### Your assignment:
Write out the data word for word and omit every picture.

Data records
▼▼▼

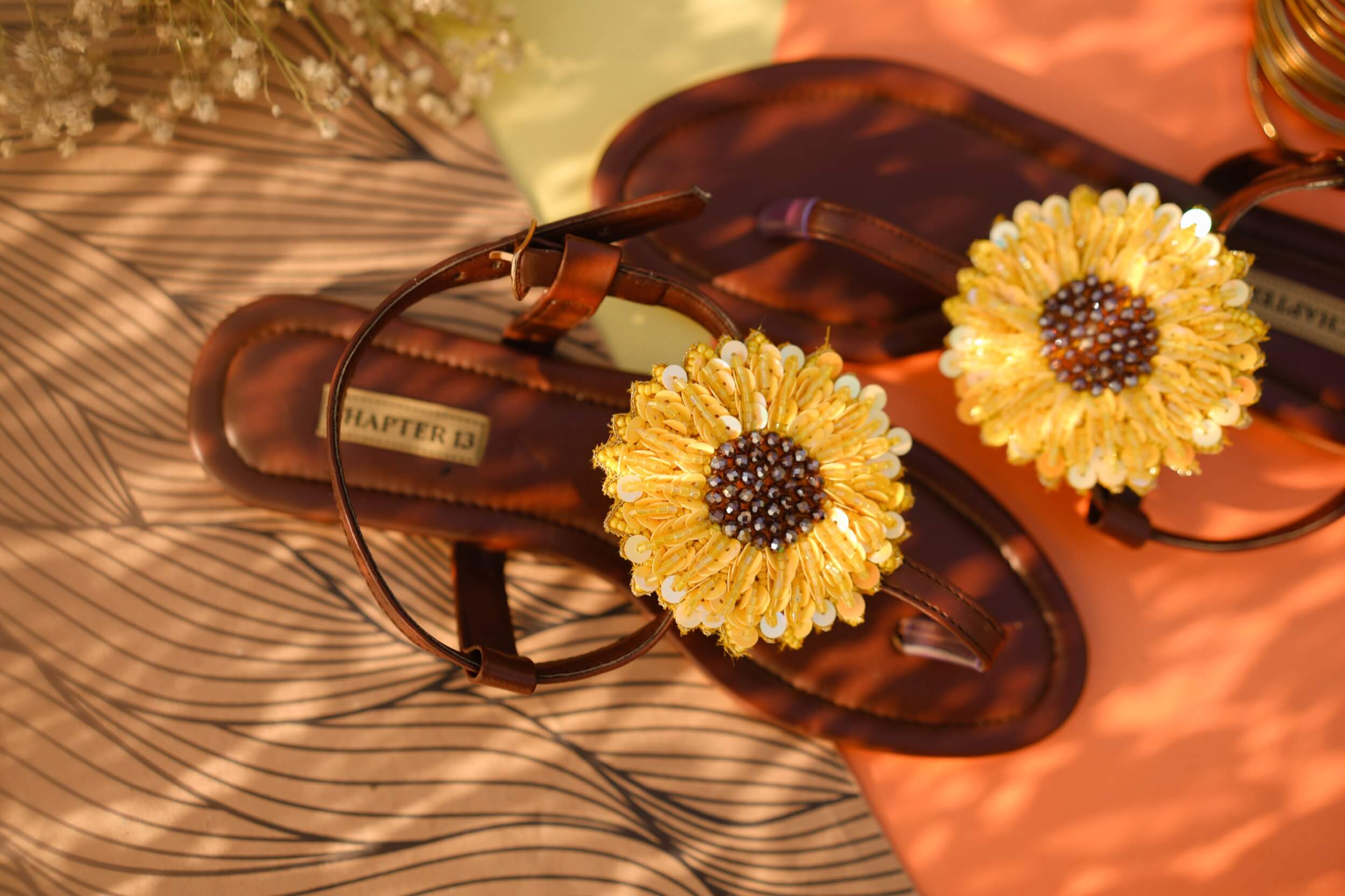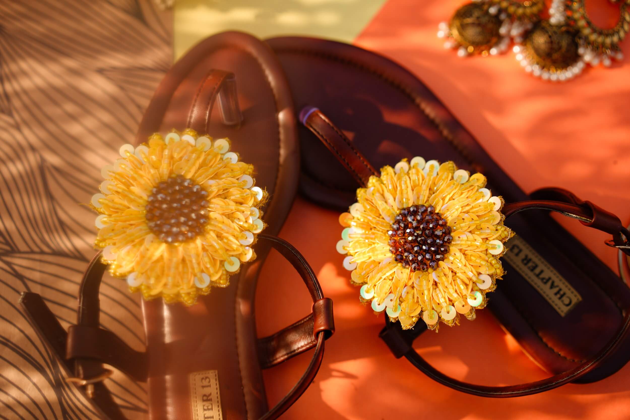 Step into sunshine with these whimsical Sunny Bloom sandals! Hand-embroidered with vibrant sequins, cut pipes, and beads in cheerful yellow, each pair features a stunning brown crystal centerpiece that brings the sunflower design to life. The cushioned dark brown sole keeps your feet comfortable all day long, while the adjustable elastic and buckle strap ensures a perfect fit. Whether you're heading to the beach or a garden party, these playful sandals are your ticket to turning heads and spreading joy with every step.
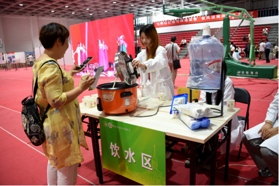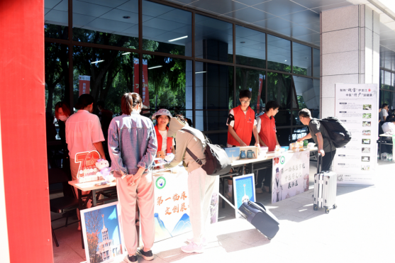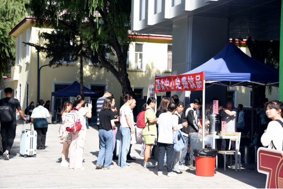学校设立多处赠饮点,为新生和家长提供酸梅汤、姜枣茶
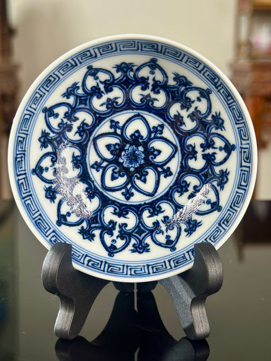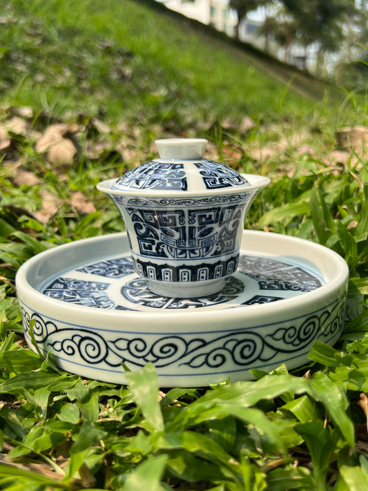 Handpainted Chinese Blue and White Qinghuaci Taotie Pattern Tea Set Gaiwan Teacup Tray
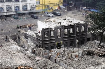 14日,記者趕到位于重慶市渝中區(qū)解放路的行營舊址進行現(xiàn)場采訪。記者看到,“重慶行營”已成施工現(xiàn)場,工地周圍修起了圍墻,有鐵門一扇可供進出,兩樓一底的舊址屋頂已經(jīng)完全被拆掉,僅剩磚木殘體。現(xiàn)場有不少工人正在施工,搬運磚塊、木條。記者在施工現(xiàn)場圍墻上未發(fā)現(xiàn)有文物保護性修葺的公告。
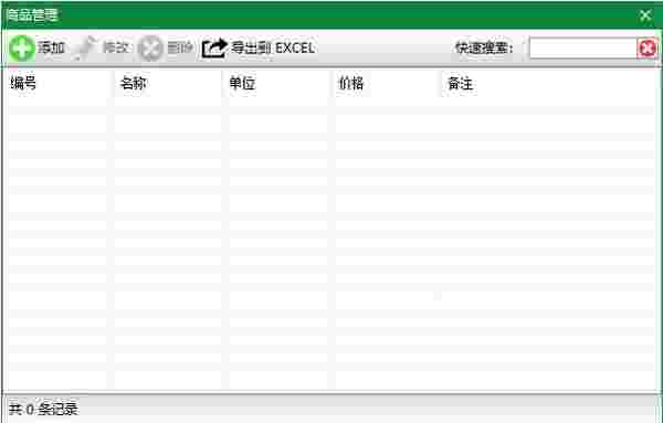 第一步:软件右侧选择“设置-商品管理”,弹出商品管理界面,此界面可以对商品进行添加、修改、删除、导出到Excel等管理,界面如下:
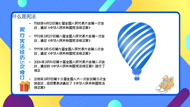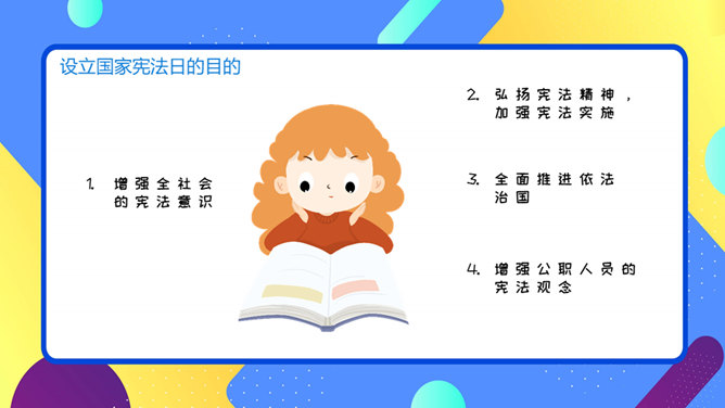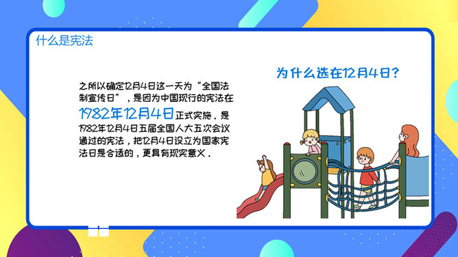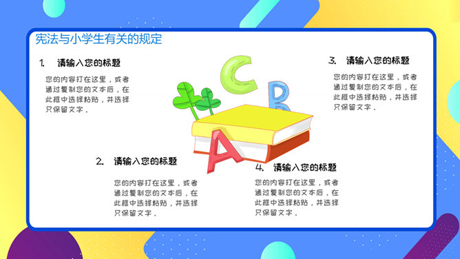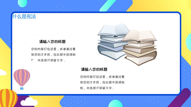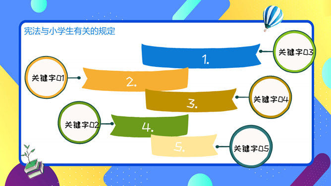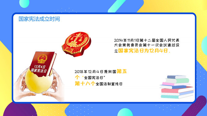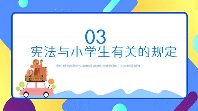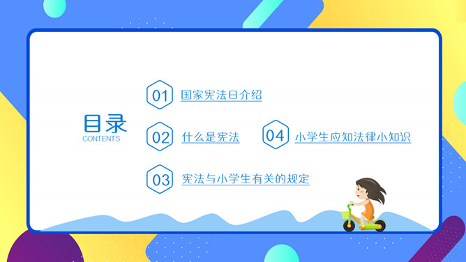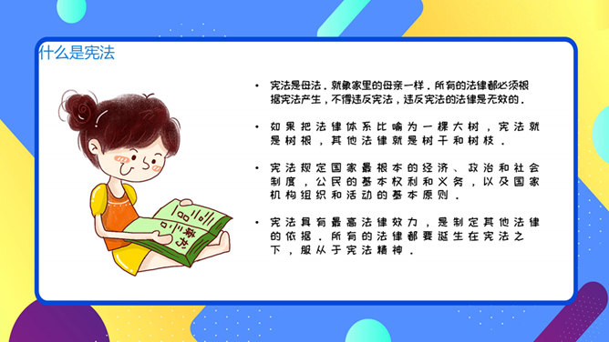 小学生宪法知识班会PPT模板。一套中小学宪法知识主题班会幻灯片模板,色彩艳丽,卡通设计风格,动态播放。

▲▲▲

### Answer space:
 Step into sunshine with these whimsical Sunny Bloom sandals! Hand-embroidered with vibrant sequins, cut pipes, and beads in cheerful yellow, each pair features a stunning brown crystal centerpiece that brings the sunflower design to life. The cushioned dark brown sole keeps your feet comfortable all day long, while the adjustable elastic and buckle strap ensures a perfect fit. Whether you're heading to the beach or a garden party, these playful sandals are your ticket to turning heads and spreading joy with every step.
学校设立多处赠饮点,为新生和家长提供酸梅汤、姜枣茶
 Handpainted Chinese Blue and White Qinghuaci Taotie Pattern Tea Set Gaiwan Teacup Tray
 14日,記者趕到位于重慶市渝中區(qū)解放路的行營舊址進行現(xiàn)場采訪。記者看到,“重慶行營”已成施工現(xiàn)場,工地周圍修起了圍墻,有鐵門一扇可供進出,兩樓一底的舊址屋頂已經(jīng)完全被拆掉,僅剩磚木殘體。現(xiàn)場有不少工人正在施工,搬運磚塊、木條。記者在施工現(xiàn)場圍墻上未發(fā)現(xiàn)有文物保護性修葺的公告。
 第一步:软件右侧选择“设置-商品管理”,弹出商品管理界面,此界面可以对商品进行添加、修改、删除、导出到Excel等管理,界面如下:
 小学生宪法知识班会PPT模板。一套中小学宪法知识主题班会幻灯片模板,色彩艳丽,卡通设计风格,动态播放。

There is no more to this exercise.